L’attenzione globale però deve rivolgersi anche a porre al centro il paziente. In questo senso uno strumento utile è rappresentato proprio dai Patient Reported Outcomes su cui oggi si apre un convegno dedicato. “Cosa mi aspetto dalla vita? Beh, questo è un interrogativo che, oggi, le persone con Hiv possono rivolgersi al pari delle altre. Ecco perché è importante promuovere ogni nuovo strumento utile a calibrare al meglio il percorso di cura, come ad esempio l’utilizzo dei Patient Reported Outcomes nella pratica clinica”, ha affermato Simone Marcotullio, Co-chair dell’incontro. “I Patient Reported Outcomes possono davvero essere lo strumento operativo per un approccio proattivo e preventivo per la salute globale della persona”.

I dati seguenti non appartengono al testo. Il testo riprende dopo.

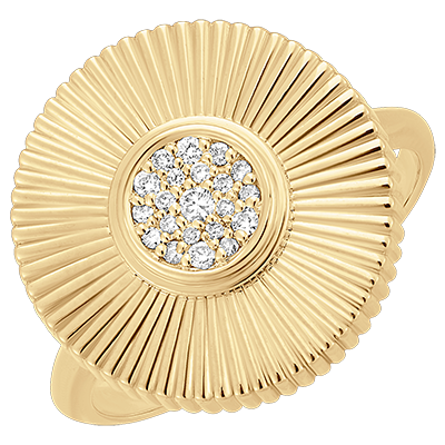 Een geelgouden ring, die met zijn stralende ontwerp de zon oproept en in het midden wordt verlicht door een cluster van gezette diamanten. Een moderne interpretatie van weelde, perfect om licht uit te stralen in elke dagelijkse outfit.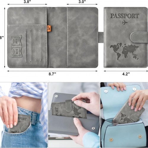 Eoehro Passport Holder for Travel Essentials, Passport Wallet Cover Case for Travel Must Haves Accessories,Passport Book Holders for Women and Men(gray)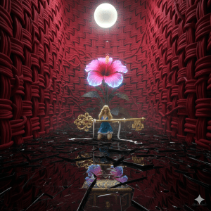 A section of the scarlet liana wall ahead melted back to reveal a crystalline, perfectly clear chamber. In the center, suspended over a pool of utterly still, reflecting water, was the temptation: an immense, glowing hibiscus. Beneath it, floating half-submerged in the reflecting pool, was a small, golden key.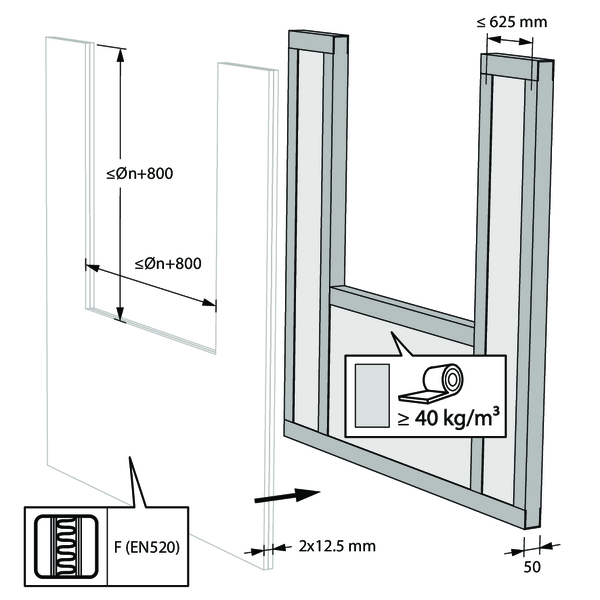 - Metal stud gipsplatenwand Type F (EN 520) ≥ 100 mm | EI 90 (ve i o) S - (500 Pa) | Gips | Installatiemethode: ingebouwd, 0-360°. Minimum afstand toegestaan met as tot 45°. | Ø 100-315 mm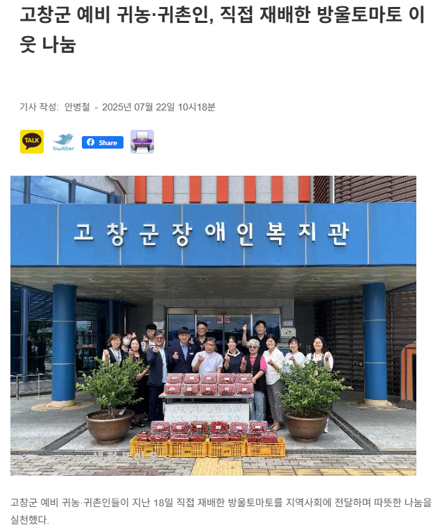 고창군 예비 귀농·귀촌인, 직접 재배 방울토마토 이웃 나눔[중도일보, 새전북신문] 문설 0 138 2025.07.23 12:25 https://www.joongdo.co.kr/web/view.php?key=20250723010007900 + 43 http://sjbnews.com/news/news.php?number=855656 + 47 고창군 예비 귀농·귀촌인, 직접 재배 방울토마토 이웃 나눔[중도일보, 새전북신문]

La misurazione di aspetti della vita del paziente come il benessere fisico e psicologico, l’aderenza, i sintomi, ecc.  riportati dal paziente stesso senza intermediazione del medico o di altre figure, si è rivelata estremamente utile nella gestione clinica dell’infezione da Hiv. Come ha spiegato Antonella Cingolani, Co-chair dell’incontro e Dirigente Medico e Ricercatore Universitario presso l’Università Cattolica S. Cuore, Fondazione Policlinico A. Gemelli, “è dimostrato che sintomi riportati dai pazienti siano più strettamente correlati con misure di qualità della vita rispetto a quanto riportato dal medico. Inoltre più elevati livelli di sintomatologia riportati dai pazienti, o dubbi riguardo a possibili effetti collaterali, sono associati a più bassi livelli di aderenza alla terapia e quindi ad un rischio aumentato di fallimento terapeutico e di progressione della malattia e a un rischio aumentato di interruzione del rapporto di fiducia con il proprio medico curante”.

Innovazione scientifica e componente sociale però non sembrano procedere di pari passo. “Le condizioni sociali delle persone con HIV sono per molti aspetti rimaste quelle di 20 anni fa. Il timore di essere rifiutati, discriminati e trattati diversamente costringe tante persone con Hiv a vivere nell’ombra. E questo ha delle conseguenze inevitabili in termini di accesso al test e alle terapie. Abbiamo bisogno di interventi che affrontino la complessità del benessere delle persone con Hiv, cercando di smantellare il muro di sospetto che le tiene separate da chi si considera sieronegativo”, ha concluso Giulio Maria Corbelli, Vice Presidente Plus Onlus.